L’étreinte des Flammes :
« — Ce petit bijou est l’un de mes mélanges préférés, reprit la mère d’Izzy en saisissant un nouveau flacon. Effets bénéfiques assurés sur la vie amoureuse, garantie satisfait ou remboursé. Votre mari n’a jamais eu de… faiblesse ?
Elle leva un doigt qu’elle laissa ensuite pendre mollement tout en haussant les sourcils.
Un silence assourdissant se fit soudain à l’étage.
— Euh… non.
J’essayai de me retenir. Vraiment. Si Darryl n’avait pas dit « Bien joué, mon pote, pendant un moment, je me suis fait du souci pour toi », je pense que j’aurais tenu. Mais il le dit. Et Adam éclata de rire, ce qui vint à bout de mes dernières résistances.
Je poussai un soupir et arrachai une peluche imaginaire de mon pantalon.
— Il n’a jamais de faiblesse de ce genre. Mon mari est un loup-garou, vous savez. Il n’a vraiment pas de problème de ce côté-là, si vous voyez ce que je veux dire.
Elle cligna des yeux d’un air avide.
— Non, je ne vois pas. Que voulez-vous dire ?
— Eh bien…, marmonnai-je en détournant les yeux, comme si j’étais gênée. Vous savez ce qu’on dit sur les loups-garous.
Elle se pencha plus près de moi.
— Non, je ne sais pas, murmura-t-elle. Dites-moi.
J’avais entendu la porte de la salle de réunion s’ouvrir, aussi avais-je la certitude que les loups-garous en haut ne manquaient rien de notre conversation, même si nous chuchotions.
Je soupirai et reposai les yeux sur elle.
— Disons que… tous les soirs, ça me va. Tous les matins aussi. Mais trois ou quatre fois dans la même nuit ? (Je laissai échapper un rire rauque.) Vous avez vu mon mari, non ? (Adam était d’une beauté à couper le souffle.) Mais parfois… Je n’ai plus vingt ans, vous comprenez ? Il m’arrive d’être fatiguée. Alors que je ne rêve que de dormir, il vient encore se frotter contre moi, enfin, vous voyez, quoi. (Je lui adressai ce qui ressemblait, je l’espérais, à un sourire timide teinté d’une pointe d’optimisme.) Vous n’auriez rien susceptible de m’aider ?
Je ne sais pas à quoi je m’attendais au juste, mais certainement pas à ce qui se passa ensuite.
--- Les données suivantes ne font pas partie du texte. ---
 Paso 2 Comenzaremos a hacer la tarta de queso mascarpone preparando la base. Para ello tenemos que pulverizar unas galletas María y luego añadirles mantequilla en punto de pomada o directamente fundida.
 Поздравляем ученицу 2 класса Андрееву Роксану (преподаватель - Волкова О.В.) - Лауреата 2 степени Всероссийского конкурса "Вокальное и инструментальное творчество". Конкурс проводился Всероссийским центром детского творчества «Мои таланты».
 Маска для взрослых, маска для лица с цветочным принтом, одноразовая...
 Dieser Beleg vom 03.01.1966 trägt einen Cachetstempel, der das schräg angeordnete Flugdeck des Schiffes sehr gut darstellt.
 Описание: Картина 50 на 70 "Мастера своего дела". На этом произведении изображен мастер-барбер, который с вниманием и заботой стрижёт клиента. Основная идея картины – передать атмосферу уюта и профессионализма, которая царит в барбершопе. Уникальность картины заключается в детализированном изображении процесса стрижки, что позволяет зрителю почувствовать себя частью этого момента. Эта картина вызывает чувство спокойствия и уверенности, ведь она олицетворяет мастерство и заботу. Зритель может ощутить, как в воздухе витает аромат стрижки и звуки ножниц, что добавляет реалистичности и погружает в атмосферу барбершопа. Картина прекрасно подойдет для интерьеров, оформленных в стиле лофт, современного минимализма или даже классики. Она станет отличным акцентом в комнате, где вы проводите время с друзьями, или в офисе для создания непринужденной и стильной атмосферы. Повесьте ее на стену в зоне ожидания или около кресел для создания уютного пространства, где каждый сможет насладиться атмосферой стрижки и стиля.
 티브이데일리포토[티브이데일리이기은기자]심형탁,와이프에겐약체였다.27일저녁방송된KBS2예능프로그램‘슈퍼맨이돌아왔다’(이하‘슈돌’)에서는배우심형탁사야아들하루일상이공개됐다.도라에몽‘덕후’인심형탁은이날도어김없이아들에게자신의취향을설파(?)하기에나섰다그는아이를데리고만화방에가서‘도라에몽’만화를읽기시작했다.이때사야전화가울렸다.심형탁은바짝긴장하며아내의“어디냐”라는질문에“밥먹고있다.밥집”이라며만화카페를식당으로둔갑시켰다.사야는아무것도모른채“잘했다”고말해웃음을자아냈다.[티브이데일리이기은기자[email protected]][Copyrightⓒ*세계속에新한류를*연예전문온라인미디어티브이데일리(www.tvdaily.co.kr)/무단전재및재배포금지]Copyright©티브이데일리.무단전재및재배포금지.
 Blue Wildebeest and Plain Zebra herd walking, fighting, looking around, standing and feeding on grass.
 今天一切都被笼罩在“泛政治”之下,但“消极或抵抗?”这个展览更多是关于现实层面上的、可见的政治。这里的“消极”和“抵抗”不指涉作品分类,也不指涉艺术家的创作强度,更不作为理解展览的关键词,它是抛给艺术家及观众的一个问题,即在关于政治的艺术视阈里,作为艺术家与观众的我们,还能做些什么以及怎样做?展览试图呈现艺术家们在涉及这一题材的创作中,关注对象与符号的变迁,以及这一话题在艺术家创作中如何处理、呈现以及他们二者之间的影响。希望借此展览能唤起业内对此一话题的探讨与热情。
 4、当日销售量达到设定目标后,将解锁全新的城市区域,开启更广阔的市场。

Avec un hochement de tête entendu, elle sortit de la boîte une fiole de bonne taille étiquetée « Doux Repos ».
[…]
Après l’avoir raccompagnée à la sortie et avoir fermé la porte derrière elle, je m’adossai au battant. Adam se racla la gorge. Lorsque je levai le regard, je le découvris au milieu de l’escalier. Appuyé contre le mur, les bras croisés, il faisait de son mieux pour paraître fâché, mais une petite ride d’amusement au coin de ses yeux le trahissait.
— Alors comme ça, je t’en demande trop, déclara-t-il en secouant la tête. Tu aurais dû m’en parler. J’ai beau être ton mari, tu as le droit de dire non.
Je pris une mine effarée.
— Je ne voulais pas te blesser.
— Je viens me frotter contre toi, hein ? (Il afficha un air songeur.) Maintenant que j’y pense, j’ai une subite envie qui monte.
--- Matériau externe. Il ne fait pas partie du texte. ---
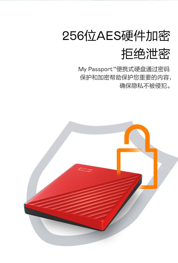 Western Digital (WD) Mobile Hard Drive USB3.0 My Passport Series 2.5-inch Mechanical Hard Drive Mobile Phone Laptop External External Storage Office Home Storage China Red (Hardware Encryption) 2TB
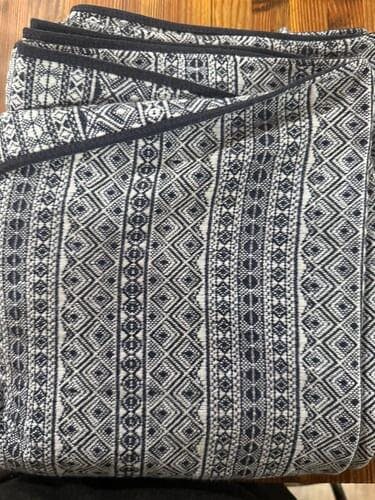 A light to medium weight fabric, airy and a bit of fluffy texture. Super classy - with dark blue and white in the warp (long ways) and weft (short way).
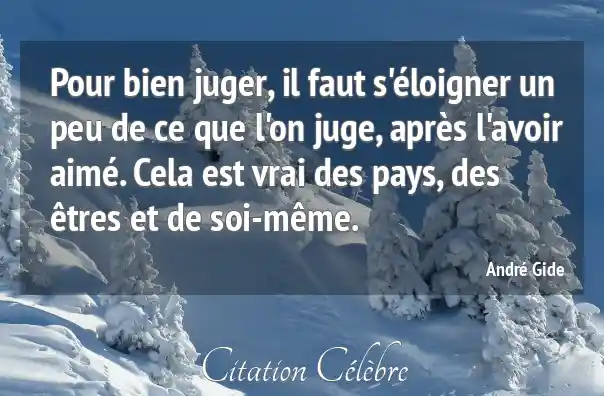 Pour bien juger, il faut s'éloigner un peu de ce que l'on juge, après l'avoir aimé. Cela est vrai des pays, des êtres et de soi-même.
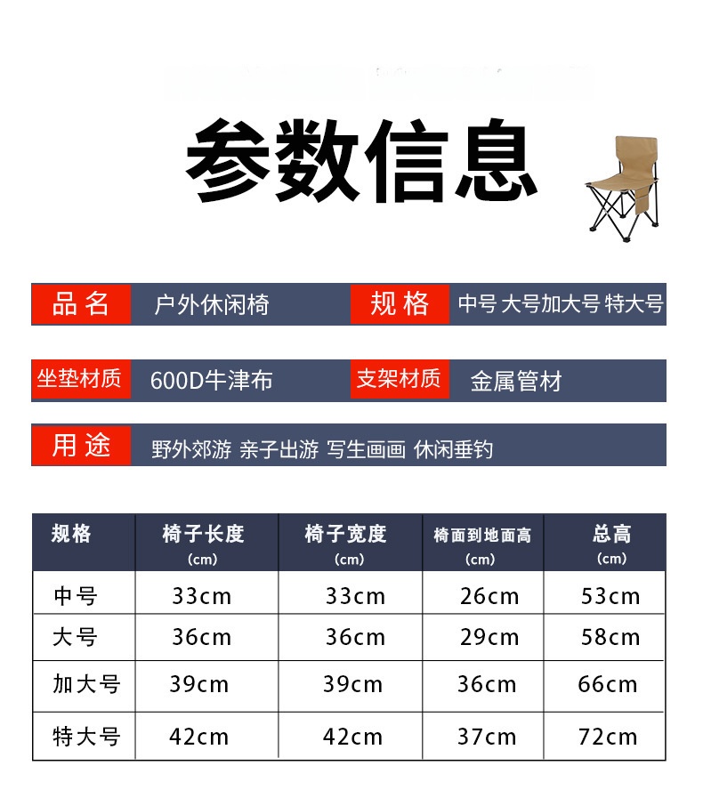户外折叠椅子钓鱼椅烧烤便携椅子露营野餐美术写生椅凳子椅子

— Maintenant ? soufflai-je sur un ton horrifié avant de lever les yeux vers la chambre de Jesse. Pense aux filles.
Il inclina la tête comme pour tendre l’oreille avant d’affirmer :
— Elles n’entendront rien, de là-haut.
Sur ces mots, il se mit à descendre lentement les marches.
— Pense à Darryl, Zack, Lucia et Joel, répliquai-je avec sérieux. Ils seront traumatisés à vie.
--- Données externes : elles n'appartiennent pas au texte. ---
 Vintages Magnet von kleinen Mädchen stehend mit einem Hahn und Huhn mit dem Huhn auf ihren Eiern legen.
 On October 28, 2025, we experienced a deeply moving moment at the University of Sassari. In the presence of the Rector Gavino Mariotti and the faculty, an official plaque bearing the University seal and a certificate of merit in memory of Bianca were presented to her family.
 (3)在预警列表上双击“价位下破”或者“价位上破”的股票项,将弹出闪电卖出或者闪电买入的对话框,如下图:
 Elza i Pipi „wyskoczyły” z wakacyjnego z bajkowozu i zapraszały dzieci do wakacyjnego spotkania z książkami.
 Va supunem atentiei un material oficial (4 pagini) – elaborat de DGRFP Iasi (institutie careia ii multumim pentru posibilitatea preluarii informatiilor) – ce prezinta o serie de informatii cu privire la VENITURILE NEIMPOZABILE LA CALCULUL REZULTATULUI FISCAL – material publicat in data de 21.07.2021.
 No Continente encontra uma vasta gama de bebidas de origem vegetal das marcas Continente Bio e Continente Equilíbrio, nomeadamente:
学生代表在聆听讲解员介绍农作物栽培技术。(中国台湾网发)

— Tu sais ce qu’on dit sur les loups-garous, rétorqua-t-il avec gravité en arrivant au pied de l’escalier.
Je détalai, et il se lança à mes trousses.
Alors que je contournais l’imposante table de la salle à manger, il prit appui dessus d’une main et la franchit d’un bond, passant juste au-dessus de la tête de Médée qui piquait un roupillon en territoire interdit. Son feulement de protestation demeura sans effet sur Adam. Je plongeai sous la table et émergeai de l’autre côté avant de traverser la cuisine au pas de course et de dévaler l’escalier, riant si fort que je peinais à respirer.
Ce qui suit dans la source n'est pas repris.